▶ [Problem description]: Go to the line with "Estwing's Goldwaschpfanne aus" in the entries below and write out every line from there through the line with "Plated 925 Inlaid", exactly and without pictures.

▶ [Records for the task]:
____
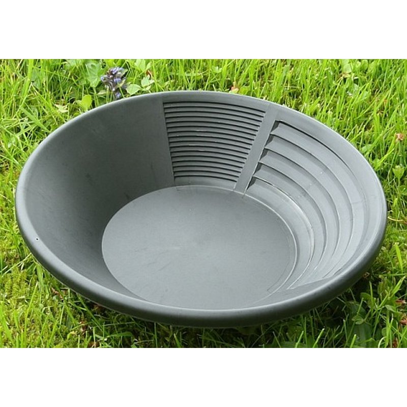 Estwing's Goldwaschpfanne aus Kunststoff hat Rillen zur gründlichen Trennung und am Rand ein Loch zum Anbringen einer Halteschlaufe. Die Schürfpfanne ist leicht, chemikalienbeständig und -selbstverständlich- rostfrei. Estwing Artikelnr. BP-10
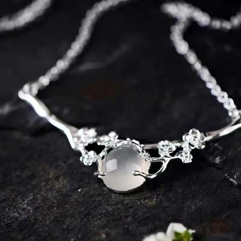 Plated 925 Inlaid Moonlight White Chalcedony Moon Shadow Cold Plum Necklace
____
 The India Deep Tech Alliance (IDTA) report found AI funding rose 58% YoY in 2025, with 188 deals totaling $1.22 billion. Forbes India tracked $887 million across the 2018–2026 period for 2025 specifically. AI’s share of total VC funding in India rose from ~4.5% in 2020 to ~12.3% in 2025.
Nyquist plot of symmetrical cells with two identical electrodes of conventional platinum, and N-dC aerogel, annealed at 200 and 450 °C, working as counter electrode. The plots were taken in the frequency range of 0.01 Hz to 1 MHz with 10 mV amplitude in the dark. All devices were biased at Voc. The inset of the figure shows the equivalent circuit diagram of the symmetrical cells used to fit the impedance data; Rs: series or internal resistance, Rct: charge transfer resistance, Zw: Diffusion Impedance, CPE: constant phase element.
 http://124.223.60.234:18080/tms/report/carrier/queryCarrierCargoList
____
▶ [Written response]:
 Estwing's Goldwaschpfanne aus Kunststoff hat Rillen zur gründlichen Trennung und am Rand ein Loch zum Anbringen einer Halteschlaufe. Die Schürfpfanne ist leicht, chemikalienbeständig und -selbstverständlich- rostfrei. Estwing Artikelnr. BP-10
 Plated 925 Inlaid Moonlight White Chalcedony Moon Shadow Cold Plum Necklace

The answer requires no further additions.